Add the following output fields to your Textual Near Duplicates view:

  • <Structured Analytics Set prefix>::Textual Near Duplicate Principal - identifies the principal document with a "Yes" value. The principal is the largest document in the duplicate group. It acts as an anchor document to which all other documents in the near duplicate group are compared. If the document does not match with any other document in the data set, this field is set to No.
  • <Structured Analytics Set prefix>::Textual Near Duplicate Similarity - the percent value of similarity between the near duplicate document and its principal document. If the document does not match with any other document in the data set, this field is set to 0.
  • <Structured Analytics Set prefix>::Textual Near Duplicate Group - this is the field that acts as the identifier for a given group of textual near duplicate documents. If the document contains text but does not match with any other document in the data set, this field is empty. Documents that only contain numbers or that do not contain text will have the <Structured Analytics Set prefix>::Textual Near Duplicate Group field set to numbers-only or empty, respectively.

Textual Near Duplicates view conditions

To only return documents included in textual near duplicate groups for a specific structured analytics set, set the following condition:

  • <Structured Analytics Set prefix>::Textual Near Duplicate Group : is set

Optionally, you can exclude the documents that were in the Structured Analytics set but were excluded for not containing text or only containing numbers.  You may add either or both of the following additional conditions using the AND operator to exclude these documents as well.

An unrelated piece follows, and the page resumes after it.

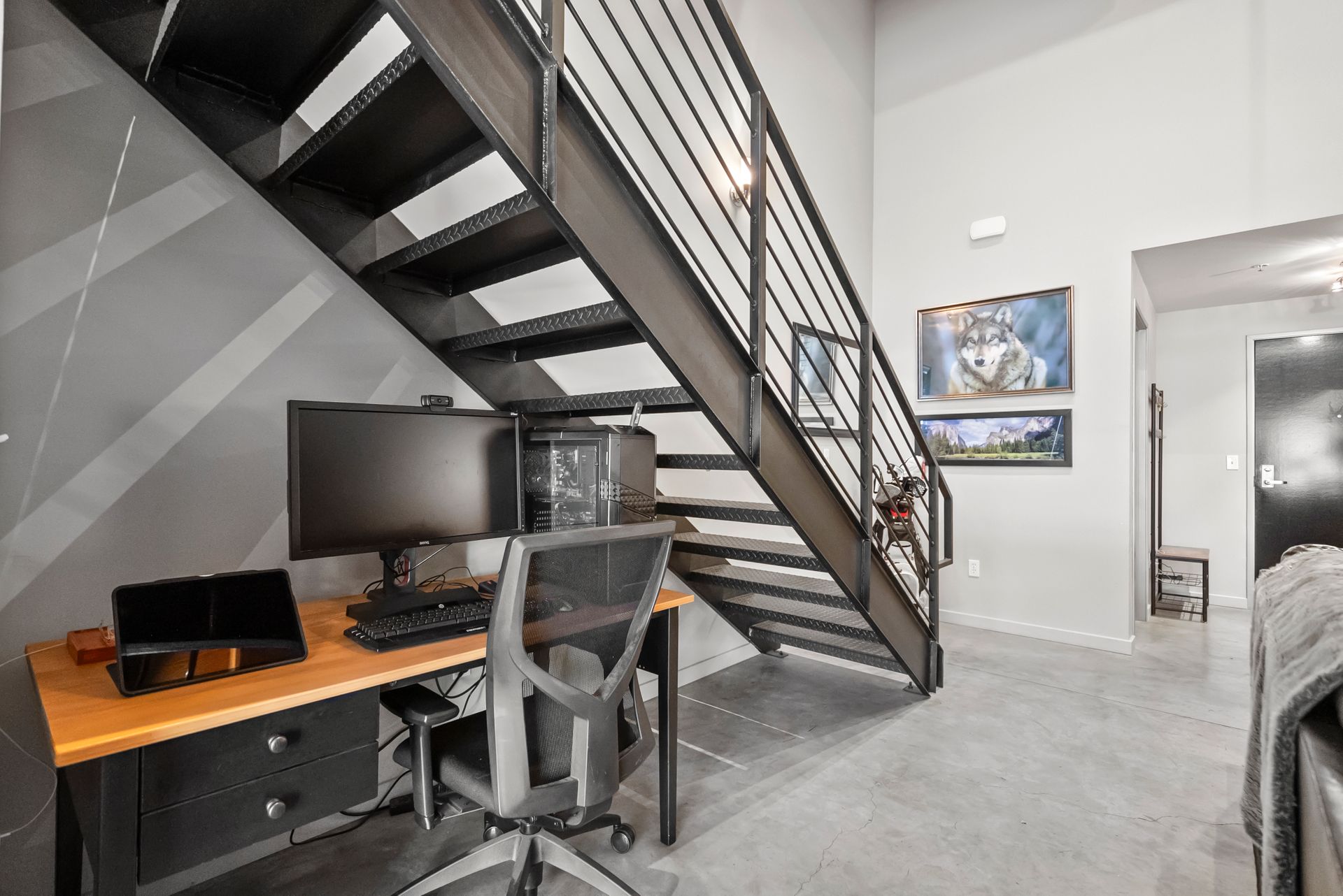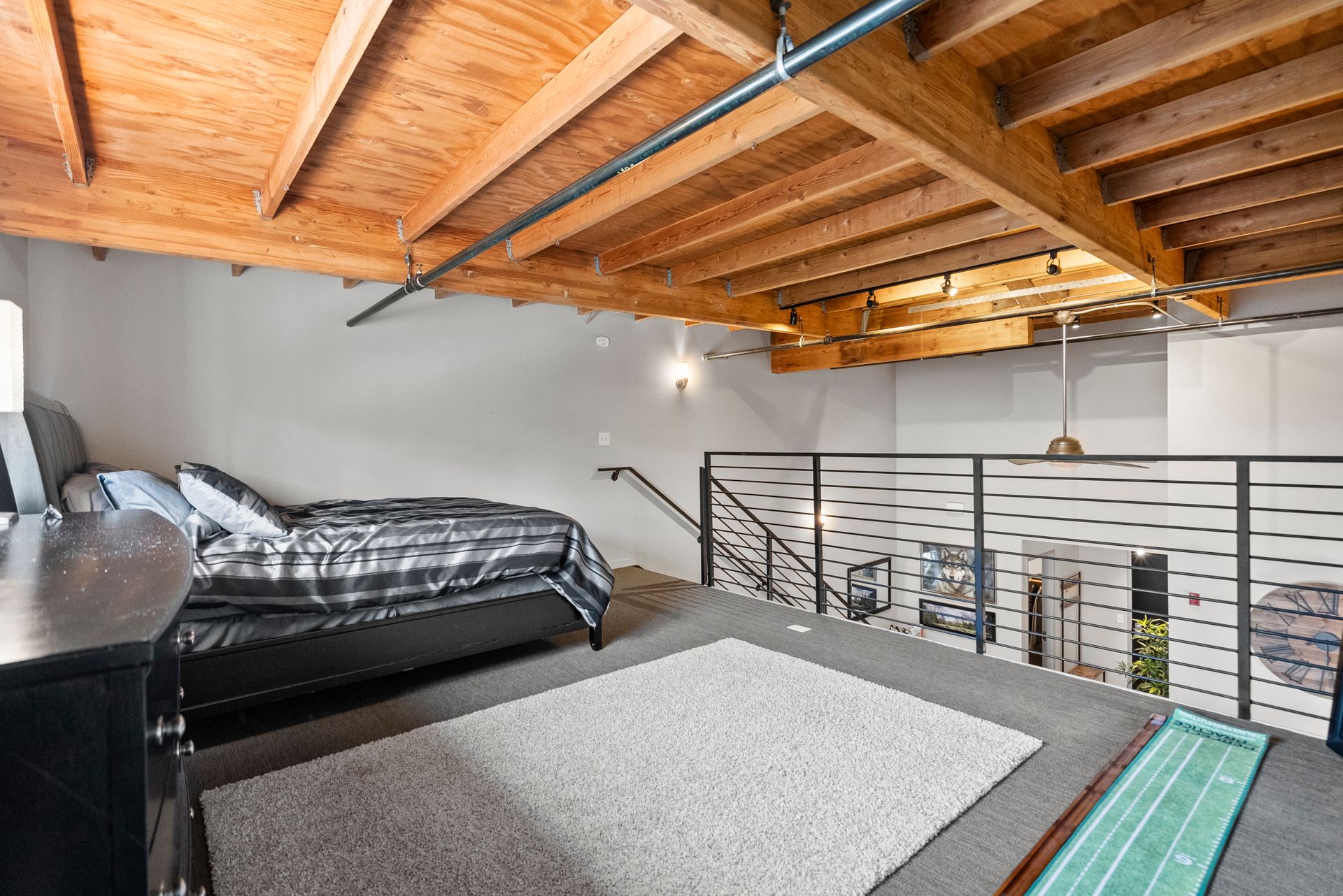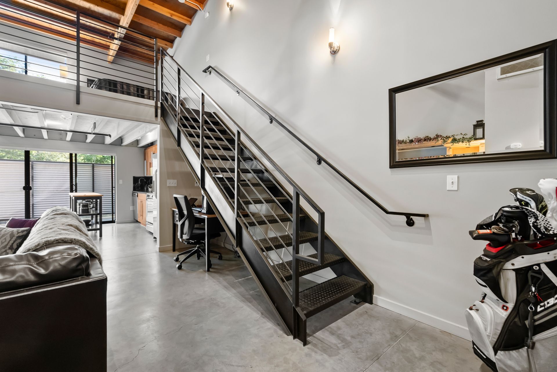 Welcome to Whiskey Hill Lofts, a premier condominium community in Midtown. This spacious one bedroom, one bath loft boasts approximately 974 square feet of livable space flooded with natural light, complemented by extra ceiling lights installed in 2021, creating a warm and inviting ambiance. Enjoy high ceilings with exposed beams and ductwork, stainless steel appliances and granite countertops in the open kitchen. The spacious bedroom on the mezzanine level is a tranquil retreat. The unit features a slider opening to a private patio, ideal for enjoying peaceful mornings or relaxing evenings outdoors. This unit stands out with a rare in-unit water heater and a detached single car garage with a newer opener in 2024. Security is ensured with a code-protected front door. HOA covers sewer, water, trash, the utility bill, landscaping, the roof and exterior maintenance.

  • <Structured Analytics Set prefix>::Textual Near Duplicate Group : is not - empty
  • <Structured Analytics Set prefix>::Textual Near Duplicate Group : is not - numbers-only

Textual Near Duplicates view sorting

Configure ascending sorts on the following fields in your Textual Near Duplicates view to list the textual near duplicate principals with the highest percentage of textual near duplicate similarity for a specific structured analytics set at the top of the screen:

  • <Structured Analytics Set prefix>::Textual Near Duplicate Group - Ascending
  • <Structured Analytics Set prefix>::Textual Near Duplicate Principal - Descending
  • <Structured Analytics Set prefix>::Textual Near Duplicate Similarity - Descending

Assessing similarities and differences with Document Compare

You can use the Document Compare function to compare two documents to assess their similarities and differences. See Document compare.

Note: You may notice variations between the Document Compare Similarity and Near Duplicate Similarity scores. This difference occurs because Document Compare takes formatting and white spaces into account.

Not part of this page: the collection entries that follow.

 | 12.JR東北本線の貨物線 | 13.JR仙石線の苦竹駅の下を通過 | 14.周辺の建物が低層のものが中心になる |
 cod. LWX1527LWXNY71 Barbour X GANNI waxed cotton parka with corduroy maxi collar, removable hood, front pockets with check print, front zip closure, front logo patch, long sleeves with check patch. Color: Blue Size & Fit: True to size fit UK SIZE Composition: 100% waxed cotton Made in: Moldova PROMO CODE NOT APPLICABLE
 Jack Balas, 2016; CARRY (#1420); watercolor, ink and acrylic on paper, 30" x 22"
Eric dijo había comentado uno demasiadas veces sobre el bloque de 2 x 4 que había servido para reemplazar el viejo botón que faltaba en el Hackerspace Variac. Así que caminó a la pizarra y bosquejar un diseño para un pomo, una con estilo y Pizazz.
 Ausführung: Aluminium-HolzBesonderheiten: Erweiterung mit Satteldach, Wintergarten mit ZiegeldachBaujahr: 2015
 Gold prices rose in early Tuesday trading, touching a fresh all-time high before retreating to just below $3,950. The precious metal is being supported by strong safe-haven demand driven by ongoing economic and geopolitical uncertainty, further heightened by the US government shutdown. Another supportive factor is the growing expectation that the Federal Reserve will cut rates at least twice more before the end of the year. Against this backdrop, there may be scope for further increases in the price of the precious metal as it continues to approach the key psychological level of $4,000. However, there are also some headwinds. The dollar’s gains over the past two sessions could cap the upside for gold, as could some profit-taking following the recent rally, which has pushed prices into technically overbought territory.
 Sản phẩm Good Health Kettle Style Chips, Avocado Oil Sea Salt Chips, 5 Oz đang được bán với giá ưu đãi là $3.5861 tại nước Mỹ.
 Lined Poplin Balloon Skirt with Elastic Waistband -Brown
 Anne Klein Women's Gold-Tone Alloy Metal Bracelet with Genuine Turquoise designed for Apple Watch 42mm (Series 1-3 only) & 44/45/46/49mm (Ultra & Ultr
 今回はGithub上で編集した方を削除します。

Example document compare with Document Compare feature

Viewing the Textual Near Duplicates Summary

You can also view the Textual Near Duplicates Summary to quickly assess how many textual near duplicates were identified in the document set. On the Structured Analytics Set console, click the View Textual Near Duplicates Summary link to open the report.

Example Textual Near Duplicates summary report

This report lists the following information:

  • Number of textual near duplicate groups - the total number of groups identified.
  • Average similarity - the sum of all of the similarity scores divided by the number of textual near duplicate groups.
  • Average number of documents per group - the total number of documents divided by the number of textual near duplicate groups.
  • Total number of documents - the total number of documents in the textual near duplicate groups.

If you run a second structured analytics set, it overwrites the reports from the first set. Therefore, we recommend that you save your reports as soon as you finish building the set.

Viewing Near Dup Groups in related items pane

To improve the review efficiency, you can view structured data analytics results in the related items pane within the document Viewer.

In the related items pane, you can click the Near Dup Groups icon to show all items that are textual near duplicates of the selected document. You can also click the Thread Group icon to display all messages in the same thread group as the selected document or the Email Duplicates icon to show all of the messages identified as duplicates of the selected document.

After deploying the Analytics application, you can create fields that propagate coding choices to these structured analytics related groups. See Applying propagation to documents for more information.

Field propagation options for structured analytics

Note: Be very careful when using propagation. We recommend against turning propagation on for your responsiveness fields. For example, if you mark an email within a group as not responsive, other potentially responsive emails within the group could be automatically coded as not responsive.